Но почему-то настоящий страх пришел ко мне только сейчас. Возможно, это было связано с Донной? Ей всего сорок пять, двадцать из которых она провела возле меня. Наверно, после Вероники она была самой близкой женщиной в моей жизни. Два года назад у нее в мозгу нашли какую-то редкую разновидность опухоли. Естественно, я сделал все, что в моих силах: самые дорогие клиники, лучшие нейрохирурги, цена не имела значения. Опухоль вырезали и все забылось как страшный сон, но через полгода она объявилась снова и все завертелось по новому кругу. И снова, вроде бы, все чисто, и вновь рецидив через три месяца. За два года врачи шесть раз выжигали кусочки ее мозга и с каждым разом все ближе вероятность того, что после очередной операции она превратится в овощ, когда беспощадный луч медицинского лазера сожжет очередную порцию нейронов.
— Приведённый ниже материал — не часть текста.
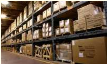
productie en functionaliteit is belangrijk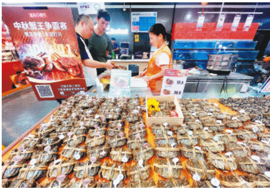
吃蟹季，“熬”过高温的大闸蟹批量上市。

但大规格高品质大闸蟹的价格预计会有所上涨。”李子涵说，想吃阳澄湖大闸蟹的消费者还得再等等，今年阳澄湖开捕时间预计在9月25日左右，“一开湖，就会马不停蹄地将新鲜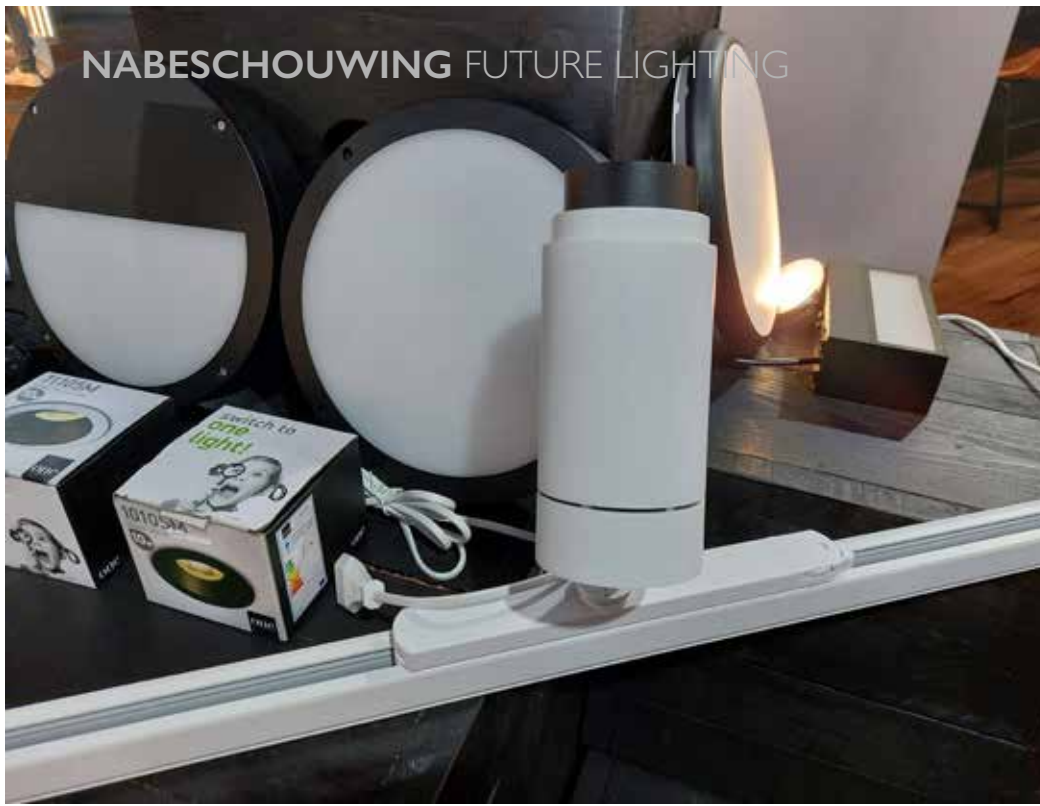
Een nieuw Casambi gestuurd armatuur van Spectrus.

Het bedrijf werkt daarom veel samen met architecten, een doelgroep die Berla Lighting graag nog meer zou willen zien op Future Lighting. "Voor architecten is de lichtkleur belangrijk, net als de lichtsturing. Wij kunnen op beide fronten bieden wat zij zoeken."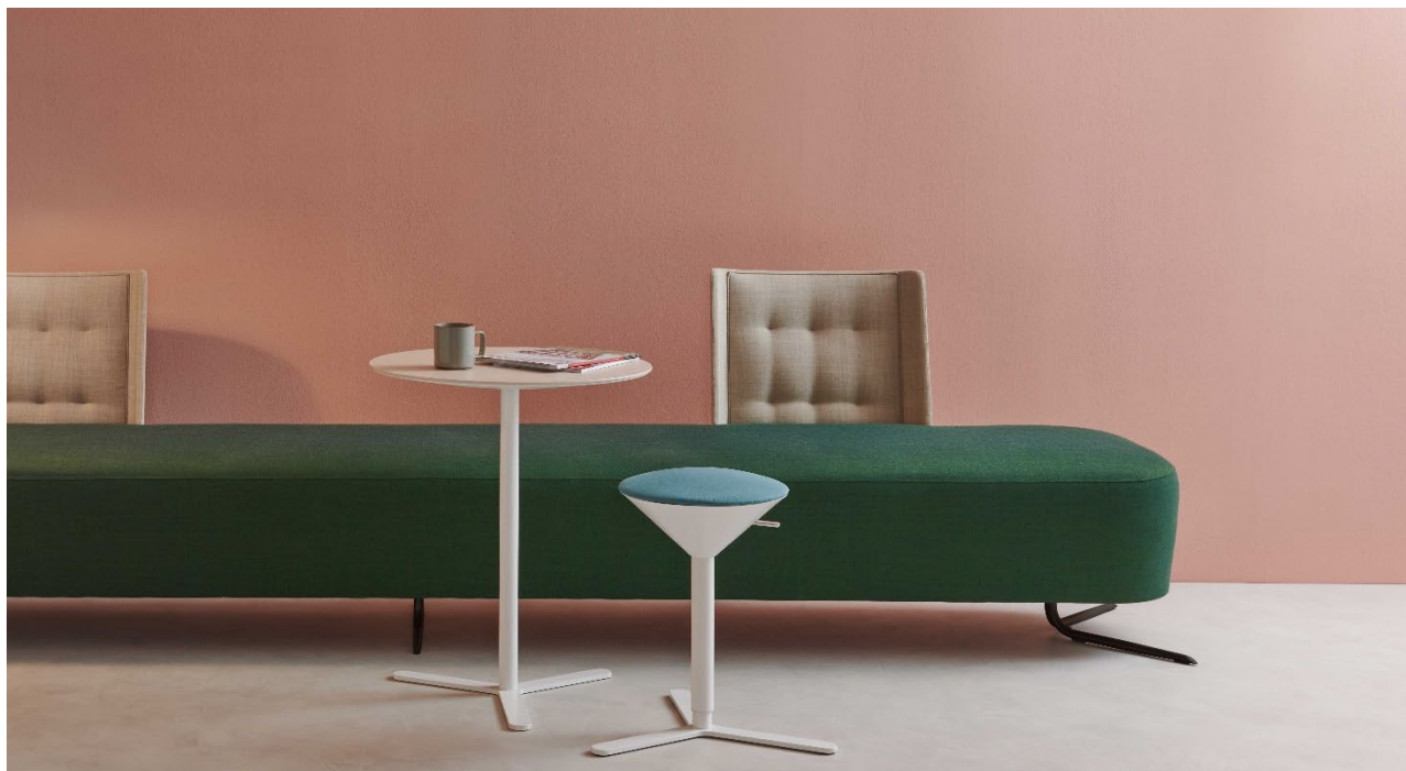
Cono tavolino con base verniciata Bianco Neve e piano in Ceramica.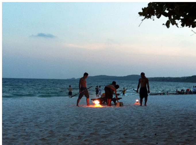
ling11 海滩上生火的人们

地址: 95/2 Moo 2 | Phe, Mueang, Rayong 21160, Thailand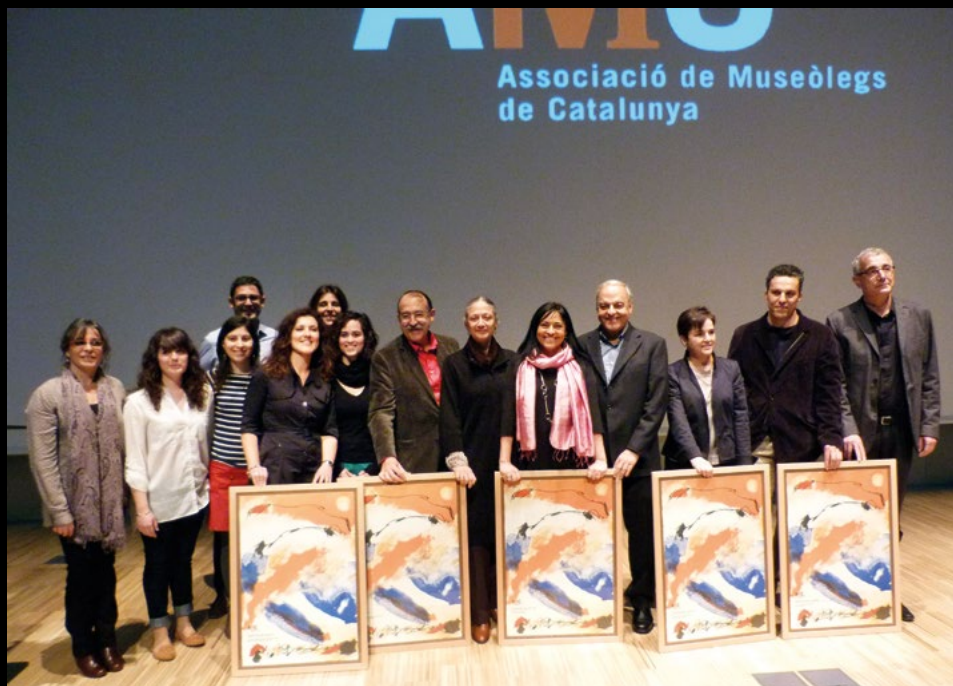
Entrega de la 5a edició dels Premis AMC de Museologia al Museu del Disseny de Barcelona, el 27/3/2014 (DSL).

Как бы там ни было, с того дня практически каждую ночь мне снились страницы моей жизни, связанные со смертью и, смотря правда в глаза, приходилось признать, что в этом фолианте чересчур много листов. В конце концов я обратился к Дитмару, главному врачу кельнского медицинского центра компании. Без подробностей, просто сказал, что мне нужна консультация психотерапевта. И он посоветовал Оливию Вэй – наглядное опровержение киплинговских строчек: «Запад есть Запад, Восток есть Восток, и с места они не сойдут». Ее отцом был француз, а мать – китаянка из Шанхая. Союз двух цивилизаций принес отличный плод – восточная утонченность лишь подчеркивала французский шарм.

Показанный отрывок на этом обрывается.